Jesus himself went into the wilderness classroom after his baptism– led there by the Holy Spirit. 


In every instance, the wilderness is the place where truths are made clear, and all of the distractions, temptations and distortions of life fall away. The Hebrews knew that the wilderness is not out of control; it’s just not under OUR control. They knew that God creates wilderness– and God is present there. WE are the ones who create mere “wildness”– those places that are out of control. 


The people went out to see John— that is, they left the order of the city that was familiar, and stepped into the wilderness to meet a man who rejected the chaos of control in the city, and who’s life was shaped, instead, by the balance and honesty of the wilderness.


It is important to acknowledge, though, that just because God is at work in the wilderness doesn’t mean that it is a comfortable place. It can be quite harsh and unpleasant— and perhaps that is the problem for us. We don’t like being made uncomfortable. Loving your enemies and doing good things to people who hurt you is really hard. Giving away 10% of your earnings and getting up on Sunday and volunteering to help others and being welcoming to strangers— it is not at all convenient.


The picture we have of John the Baptist is anything but attractive, and his words were anything but comfortable. I suspect that he was a very hard person to tolerate, actually. But even as disruptive as his words were, they were truly words of good news– “Repent, for the kingdom of God has come near!”

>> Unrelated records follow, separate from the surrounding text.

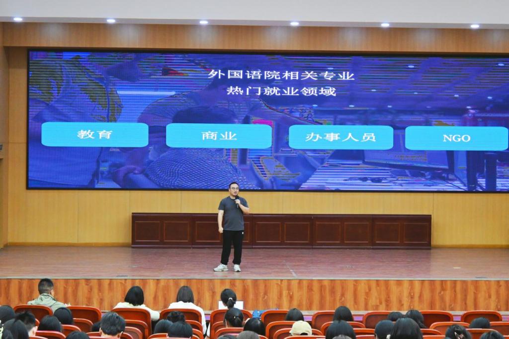 讲座伊始,张艺博以深入的行业洞察和丰富的数据为支撑,剖析当下本科生就业升学形势,系统总结了外语学子就业发展具有多样性特点,重点强调了专业能力的突出地位。随后,他根据当下就业形势复杂且多变的现状,鼓励同学们平时要关注自身专业知识的积累和综合素养的提升,明确指出了丰富自身校园实践经历和实习经历的必要性和重要性。最后,他聚焦升学话题,详细讲解了大学期间的学业规划、学历提升及职业规划,帮助同学们梳理个人发展路径。随后,贺然进行了总结讲话,她希望同学们能够以此次讲座为契机,深入思考自己的规划并与家长老师认真沟通,做好个人发展规划,通过不懈奋斗最终实现目标。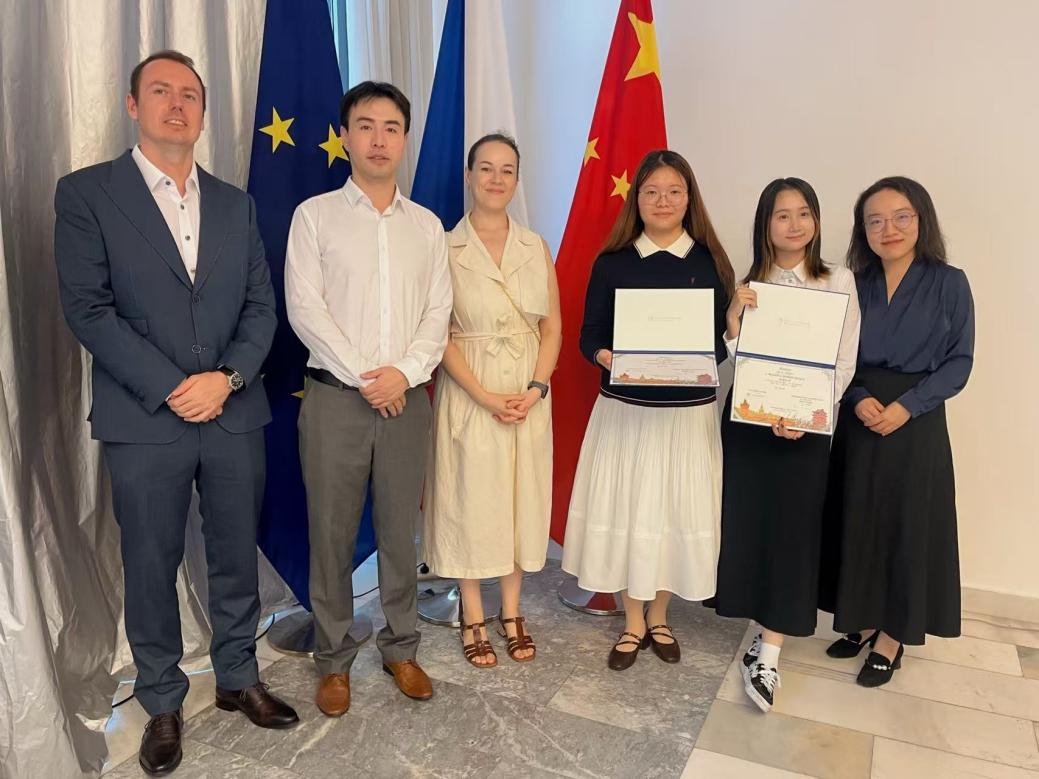 2025年9月25日,捷克共和国驻华大使馆主办的全国捷克语演讲比赛在北京举行,我校捷克语专业2022级的张婉卿同学荣获高年级组一等奖,捷克语专业2024级的李敏睿同学荣获低年级组三等奖。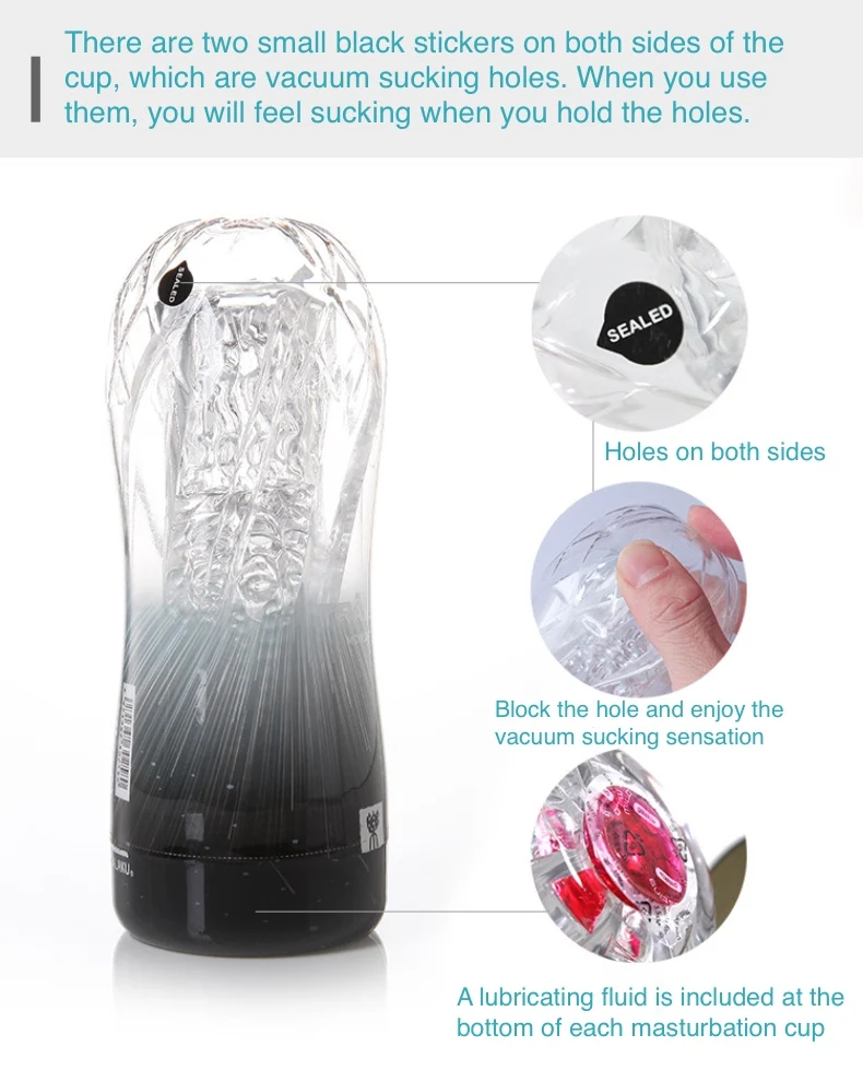 На обеих сторонах чашки есть две небольшие черные наклейки, которые имеют вакуумные отверстия для всасывания. Когда вы используете их, вы почувствуете сосание, когда Держите отверстия.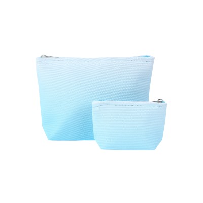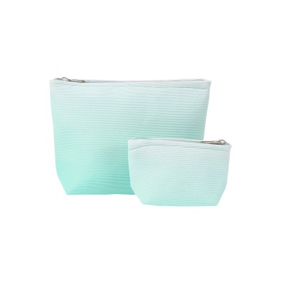 Set fabricado en poliéster, conformado por bolsa principal sin asas y bolsillo con función de monedero, con diseño de color degradado y cierre metálico. Medidas: Bolsa grande: 22x17x6 cm. | Bolsillo: 14x10x5 cm.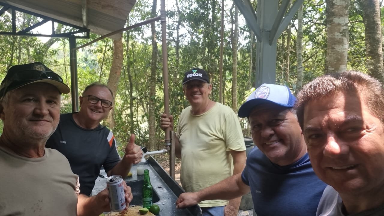 Além da cerveja gelada, os amigos degustaram um apetitoso churrasco acompanhado com madioca.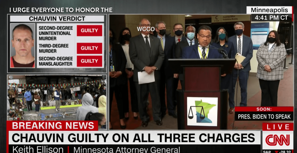 Even though we all watched a murder in process for ten minutes in broad daylight, a lot had to come together for us to arrive at this point today. It was a girl’s chance recording of the entire 9 1/2 minutes, it was the shock and outrage of a nation numbed by a pandemic, it was the appointment of Keith Ellison to the case, it was the breakdown of the blue wall — a whole bunch of police officers compelled to testify against one of their own — and somehow a jury came together to render a unanimous verdict.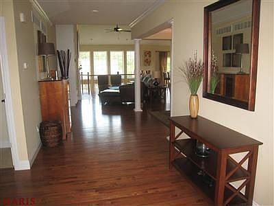 Exquisite Atrium Ranch! Custom built by Manlin Homes, this 4 bedroom BEAUTY is loaded with upscale amenities. Brick & stone facade, fresh landscaping + 3car garage = Great Curb Appeal! Premium wood floors throughout mn lvl living areas; 42in cabinets and gourmet countertops, built-in bookcases, custom millwork, coffers, vaults, architectural details & luxury appointments surround you at every turn. Light, bright, open plan with 1000+ sq. ft. prof. finished atrium LL offering Family Room w/wet bar, 4th bedroom (above grade with full window), 3rd luxury bath, & office/den. A trex deck overlooks the exposed aggregate patio, & manicured lawn complete w/sprinkler system. Compare this gorgeous home to new construction- more upgrades, & shows better than a display! Experience the lifestyle of this small Tuscan Village of distinctive homes, conveniently located minutes from St. Louis County across Hwy 364, & near the Katy Trail! One yr AHS Warranty. Your search is over for the perfect house!
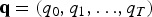 ${\bf q} = (q_{0}, q_{1},{\ldots},q_{T})$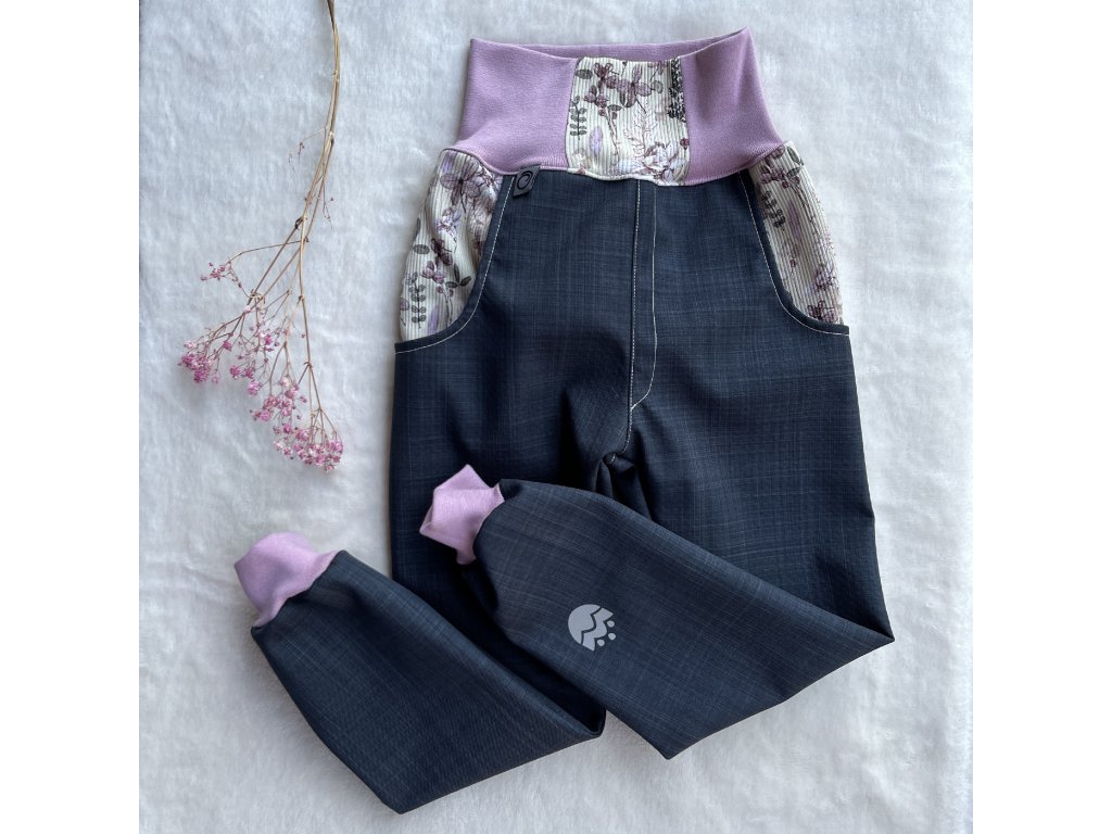 Od velikosti 92/98 velké funkční kapsy s obrázky travin z el. bavlny na předním díle, minimum švů v nohavicové části. Ozdobné prošití barevnou nití a natavené reflexní prvky.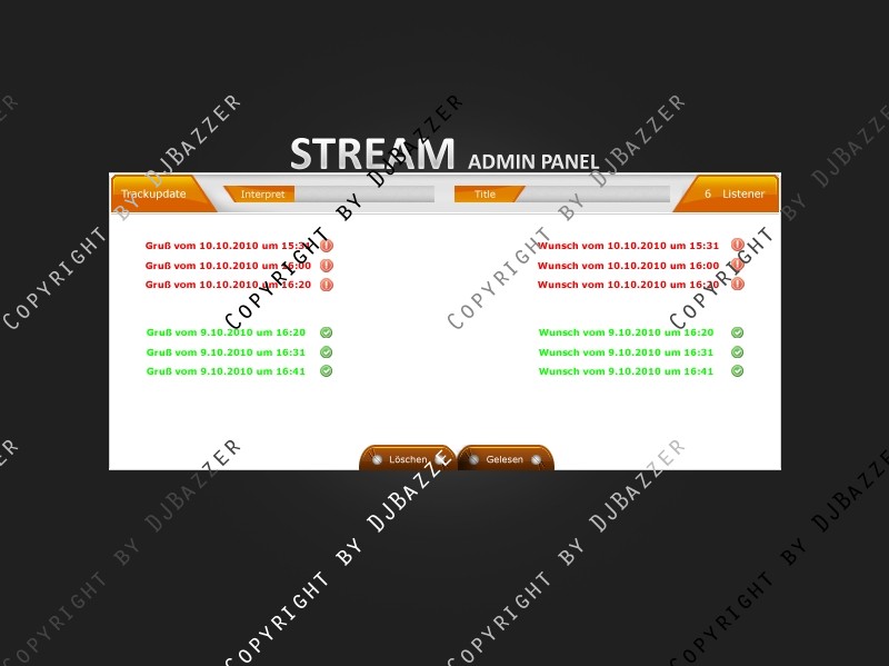 Einmal die Admin Seite, die die Moderatoren/Deejays oder Generell Admins einsehen können, wo Sie die Gruß und Wunschbox auslesen können und Tracklist schreiben können, auch da, gibts eine Listener Anzeige.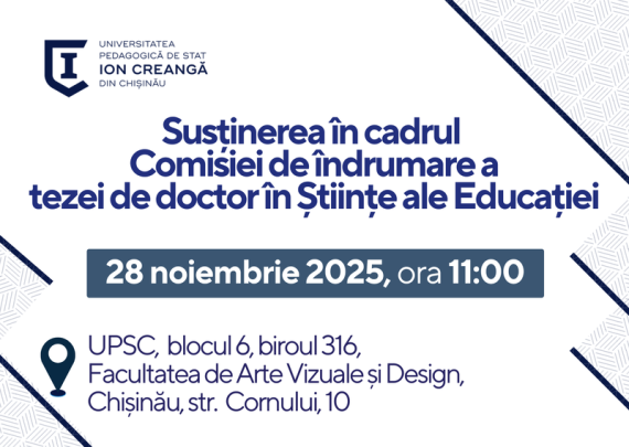 Candidat: Railean Stela Conducător științific: Simac Ana, conf.univ., dr. Tema tezei: „Banda desenată și desenul animat ca mediu inovativ de învățare” Specialitatea științifică: 532.02 – Didactica școlară pe trepte și discipline de învățământ Data: 28.11.2025 Ora: 11:00 Locul: Facultatea de Arte Vizuale și Design, Universitatea Pedagogică de Stat Ion Creangă din […]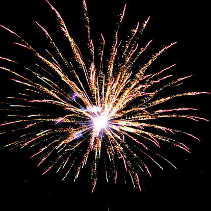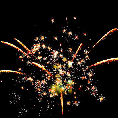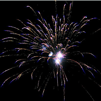 Захватывающий фейерверк для любителей авантюр. Красная, белая, синяя звезды разрываются цветными звездами с белыми и золотыми искристыми хвостами. Красочная концовка: синие звезды разрываются золотыми искристыми хвостами и облаком трещащих звезд.

To repent means literally to “turn about.” To change course. John the Baptist did not tell people to put on camel hair and stay out there with him— but he did call people away from apathy, laziness, gluttony and selfishness, to living with purpose and focus. Our salvation is at hand— coming to meet us with everything we need. Turn around and you will see it!


RETURNING TO “ALONE”—- There are several common themes we have noticed. Many of the people, when asked why they want to do this, say that they are looking for answers. They are seeking clarity. And I think it is interesting that the series is titled, “Alone.”


Not, “Hungry”


Not, “Afraid”


Not, “Vulnerable”


“Alone”


For most of them, it’s not the hunger, cold or danger that eventually gets them. It is being alone that they can’t stand. They have gone to the wilderness looking for meaning, and what they have learned is that their relationships with the people they love are what is most important. What they are looking for isn’t out there— it was at home— it was with them all along.


$500,000 prize— most of them walk away from it— “I miss my kids, I miss my husband or wife. I don’t want the money. I want to go home.


What is also interesting is that all three winners we have seen found their strength to keep going— to push through the suffering— because they were motivated by love for their families. They weren’t there for themselves. They kept going for the prize money because, “I want to build a home for my daughter.” “I have to do this for my kids.”


The people who came out to see John were met with that same truth, really. They are looking for God. We are created in the image of a God who exists AS a relationship— the Father, Son and Holy Spirit. We are not created to be alone. We are created to be in relationship, and the nature of that relationship is love.


The people who came out to see John are looking for God— But what is revealed to us in Jesus is that God will meet us in our neighbor. It is only when we STOP living the “wildness” that we create in this “dog-eat-dog” civilization of ours— and strive instead to START living God’s way of love, that we will find the peace and balance we seek. 


That is true for you and me, too. Just like the people who went out to see John— and just like the people in the “Alone” series— what we find in Jesus is that what we are looking for— the ONE we have been looking for— has been with us all along.